I could have let the matter drop, but about a decade ago, we found a dead mouse on our upstairs steps–inside our living space. I’m an upper-middle class liberal by nature, but my big tent doesn’t include house mice. Something had to be done.
From our last encounter with these shy rodents, I had purchased two mouse traps. Not the kind that loudly cracks the neck of the victim when they are inexorably drawn by winter’s cold and hunger to the irresistible bait. Rather, I had two mouse traps that were advertised as “humane–no chemicals, no glue, no electricity, no poison.” Stick the bait in the back of the five-inch long, hollow cylindrical trap, and when the mouse visits at night, a one-way trap door closes behind them. There are a few breathing holes so that, while contained, in theory, the mouse is supposed to remain alive, but it literally can’t move. It can’t turn around–it is immobilized. Carefully, I cut out home-made cardboard feeding squares, smeared Whole Foods organic peanut butter on the squares, placed them at the back of the traps, and waited patiently.
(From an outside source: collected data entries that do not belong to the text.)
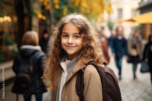 Fototapeta premium Portrait of young girls children and bus going back home looking forward...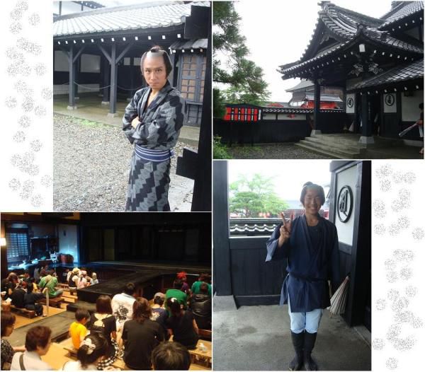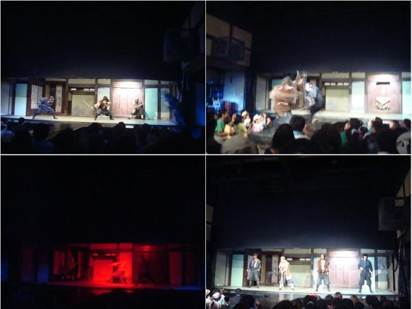 上图中左下图是为了表现中剑流血的一刻,经过之前一系列快节奏辗转腾挪的打斗,突然在此刻戛然而止,音乐也骤停,一瞬血红的舞台,让人心中亦如被突然击中的感觉般,陡然一震,可以说这台动作戏演出的节奏已经被演员掌握到炉火纯青的好,时刻揪住人心。虽然我听不懂,却也为他们的精湛表演鼓掌喝彩。演出持续25分钟,结束后大家踊跃地向舞台上扔纸包钱~~十分有趣!江户的风情嘛~~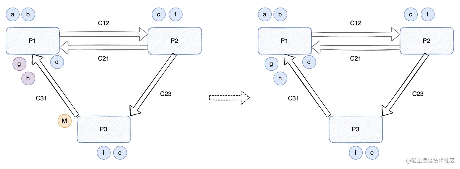 2、系统运行后,假设 P1 通过 C12 给 P2 发送了消息 c,而 P2 通过 C21 给 P1 发送了消息 d、通过 C23 给 P3 发送了消息 e,P3 通过 C31 给 P1 发送了消息 g(下图左)。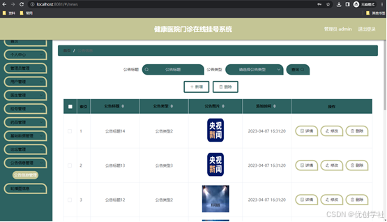 如图5.4显示的就是公告信息管理页面,此页面提供给管理员的功能有:根据公告信息进行新增、修改、查询操作等等。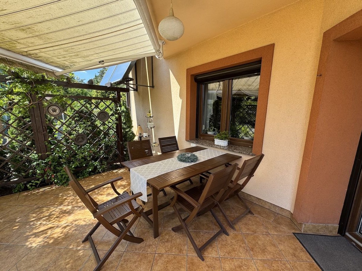 Z tyłu domu znajduje się taras, w którym się zakochasz. Tutaj spędzisz czas od wczesnej wiosny do późnej jesieni, imprezując przy grillu. Taras otulony jest drewnianą pergolą z kwitnącymi bluszczami.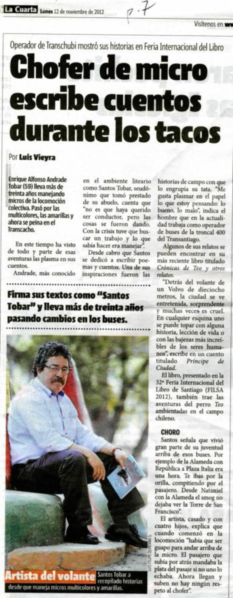 Chofer de micro escribe cuentos durante los tacos [artículo]Luis Vieyra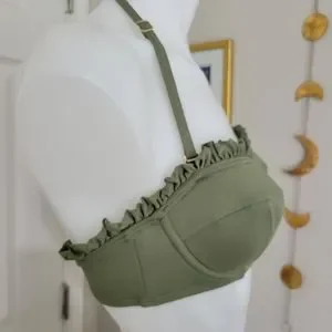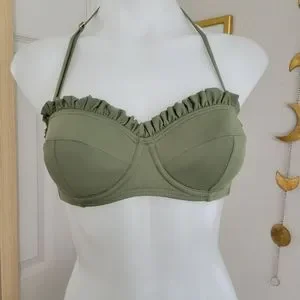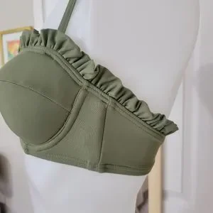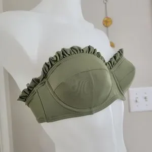 MICHAEL Michael Kors Bikini Top Olive Green Ruffle Small NWOT
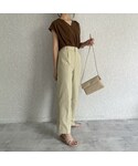 カップ付きタンクに、 リネンライクなタック入りパンツ♡ ボリューム袖の シアーロングシャツを羽織って😆 シンプルカジュアルスタイル♡ ◾️Instagram COPINE→@copine_ayaiku 私→@ayayayark
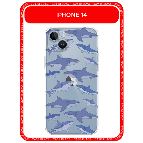Чехол на Apple iPhone 14 / Айфон 14 с принтом Акулы паттерн 2, прозрачный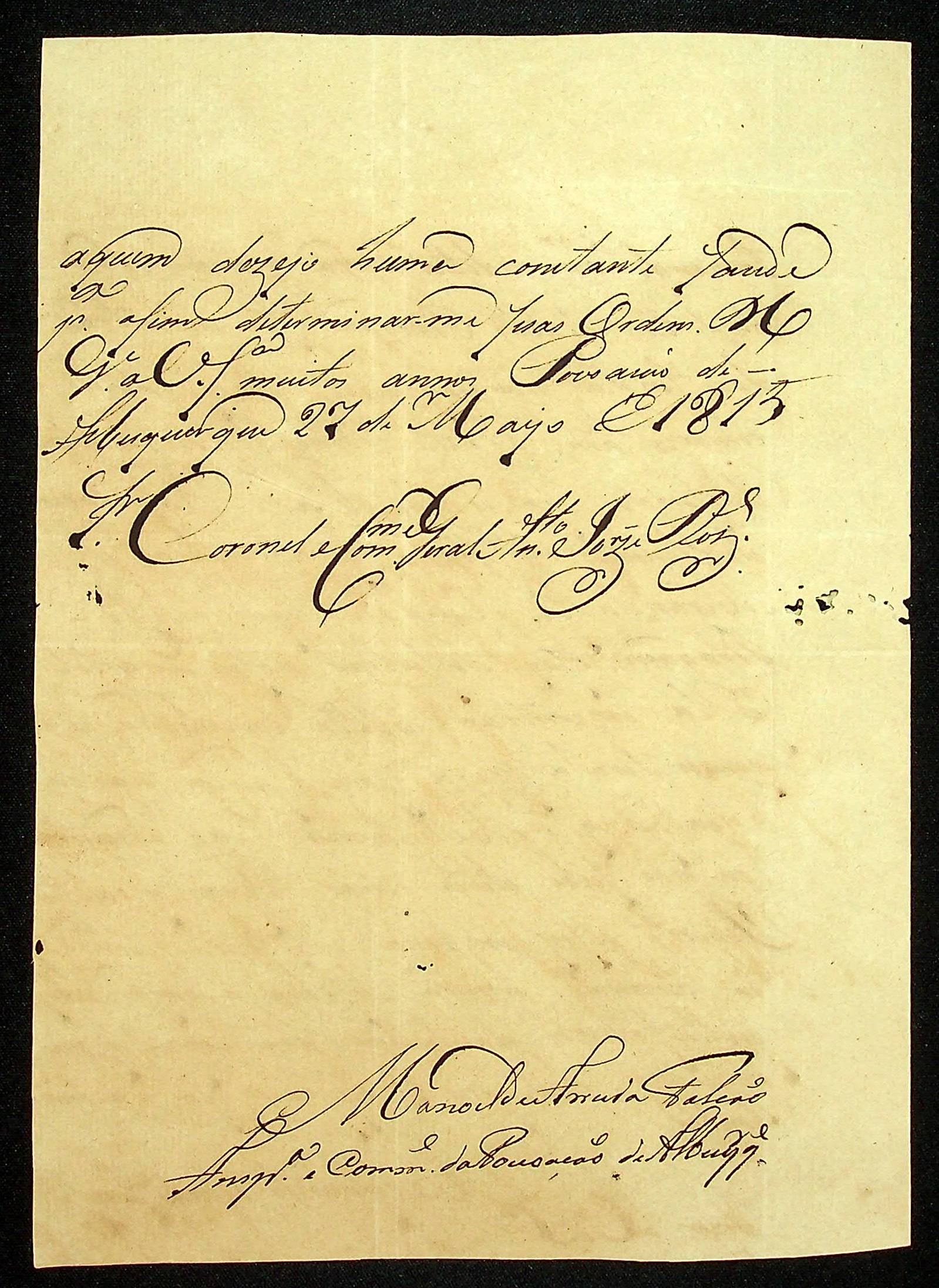 CARTA do Anspeçada e Comandante da Povoação de Albuquerque Manoel Arruda Falcão ao Coronel Comandante Geral Antônio José Rodrigues.

For a couple of days, there was no action at the traps so I stopped my daily checking. After a few more days passed, however, Karen reminded me to check the traps—so, on the next morning, I did. Two immobilized mice–both dead, were just starting to decay. I carefully carried the traps and their prey outside with gloved hands, spilled their contents in a remote section of our back yard, cleaned the traps scrupulously in our basement utility sink, and let the seasoned mousetraps rest.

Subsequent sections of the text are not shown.